* **What to work on**
Extract each line of the records below that contains the word "with".

* **Recorded information**
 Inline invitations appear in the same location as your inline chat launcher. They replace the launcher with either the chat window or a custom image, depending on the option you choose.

--

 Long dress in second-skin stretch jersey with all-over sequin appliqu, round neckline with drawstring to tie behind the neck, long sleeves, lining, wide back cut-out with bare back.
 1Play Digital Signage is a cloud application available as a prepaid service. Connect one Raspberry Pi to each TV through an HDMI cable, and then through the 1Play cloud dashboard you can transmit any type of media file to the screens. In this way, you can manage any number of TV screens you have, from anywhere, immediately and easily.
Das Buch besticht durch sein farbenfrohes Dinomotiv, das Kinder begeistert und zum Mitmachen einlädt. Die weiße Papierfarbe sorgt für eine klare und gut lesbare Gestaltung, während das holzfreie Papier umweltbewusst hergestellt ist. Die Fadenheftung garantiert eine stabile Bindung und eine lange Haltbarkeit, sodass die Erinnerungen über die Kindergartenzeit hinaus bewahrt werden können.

* **Solution to the exercise**
 Inline invitations appear in the same location as your inline chat launcher. They replace the launcher with either the chat window or a custom image, depending on the option you choose.
 Long dress in second-skin stretch jersey with all-over sequin appliqu, round neckline with drawstring to tie behind the neck, long sleeves, lining, wide back cut-out with bare back.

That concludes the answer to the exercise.